Humor me for a moment. Let’s think of your company or idea as a beautiful home, carefully constructed with a solid foundation and full of innovative nuances that any prospective homeowner would be thrilled to have. You’ve gone through painstaking measures to craft this home and are ready to start marketing it to buyers, complete with a fair listing price. Just as you have everyone’s attention and prospective investors are lining up around the block, you decide to paint the house fluorescent pink and bust out all of the windows. The foundation and awesome features are still the same, but the investors take one look at the exterior and pass on your offer. You can’t understand why.
Brace Yourself…
I know what you’re thinking: “Yeah, they didn’t give us a chance because we made the home look hideous.” Correct. So if this example illustrates the importance of proper presentation so deliberately, why do so many companies approach their prospective buyers with presentations that look like this:
(Real slide. Logo and name hidden because we’re embarrassed for them.)

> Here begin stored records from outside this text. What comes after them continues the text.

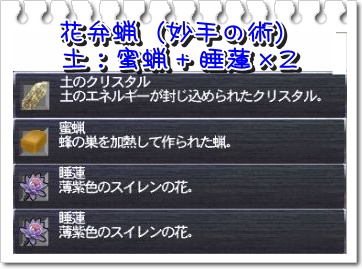 花弁蝋!では、合成してみましょう。(錬金術スキル名取程度)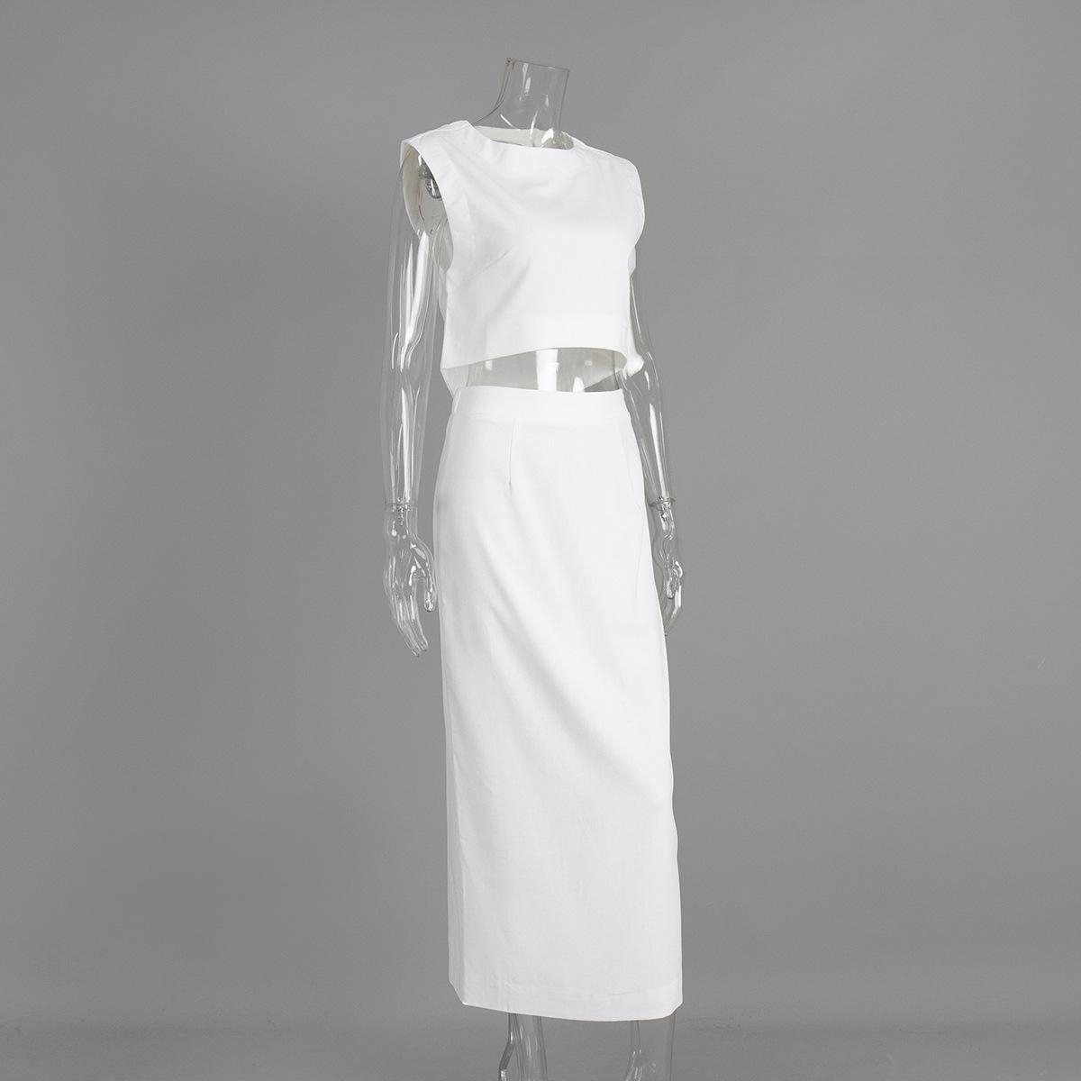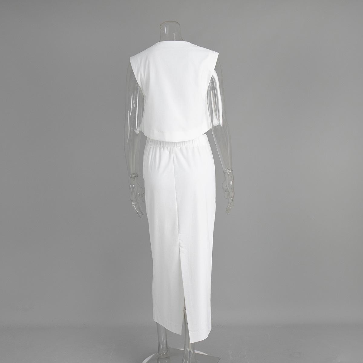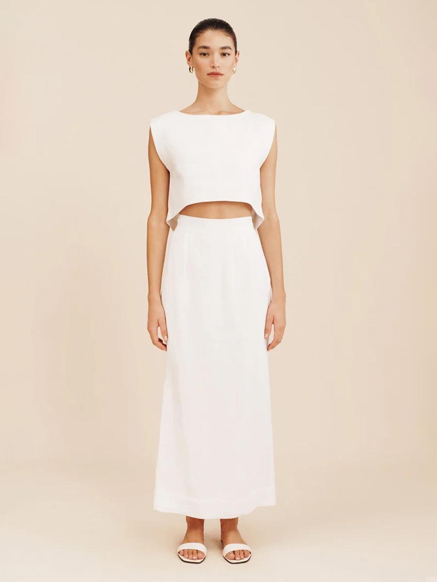 Traje de falda de chaleco de algodón y lino transfronterizo Europa y Estados Unidos 2025 primavera y verano nuevo traje de falda INS traje de ocio para mujer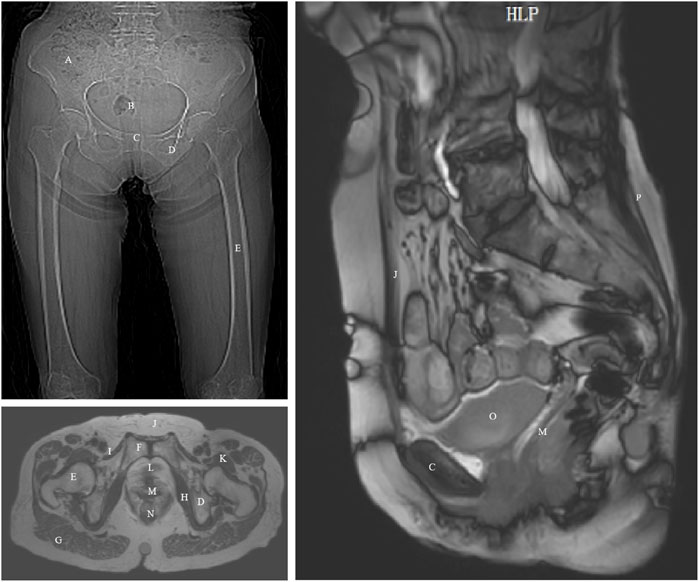 Medical imaging displays three views: a frontal X-ray of the lower torso and legs with labeled sections A to E, an MRI transverse section showing the pelvic area with labels G to N, and a sagittal MRI view of the abdomen with labels C, J, M, O, and P. Each image highlights different anatomical features for analysis.

Soak that bad boy in for a moment. If you think my six-year-old son created the above presentation, you’d be wrong. He could do a much better job than that. No, the above is an actual marketing slide of a very successful beverage company that I’d bet my pink house you’ve heard of. This multi-million dollar organization actually used that to pitch a new product to a buyer. If they impressed their target, that juice is obviously laced with cocaine, because the presentation looks like a junkie threw it together on the wrong end of a 36 hour bender. Now here’s a glimpse of a company in the same industry that decided, wisely, to hire professionals:
We always preach the importance of first impressions and the fact that, by definition, you can only make one. Your presentations are a direct reflection of your company and how adept you are at accomplishing your objectives. When you look at the above examples, is it not blatantly obvious which presentation has an aura of professionalism and accomplishment?
The Science:
According to the coherence principal, adding useless, scattered, or confusing images or text to a presentation will not only look bad, but also decrease retention of the information than if you had just put black words on a white background. Likewise, utilizing effective design elements has the total inverse effect, increasing retention and stimulating the working memory. What do you remember from the juice slide? The grapes and banana? The strange Mickey Mouse ripoff? How terrible it was? Your working memory is probably as confused as the slide, which is exactly the point. There is no strategy present to focus your attention and stimulate memory retention; therefore the presentation is a failure. And an ugly one to boot.
Unfortunately the examples in this article are far from isolated. You invest so much time and energy into the ideas behind your presentation. You also invest a lot of time and money into your company’s brand. So why, at the point-of-sale, would you half-step the presentation, itself? If you want to be taken seriously, take your presentations seriously.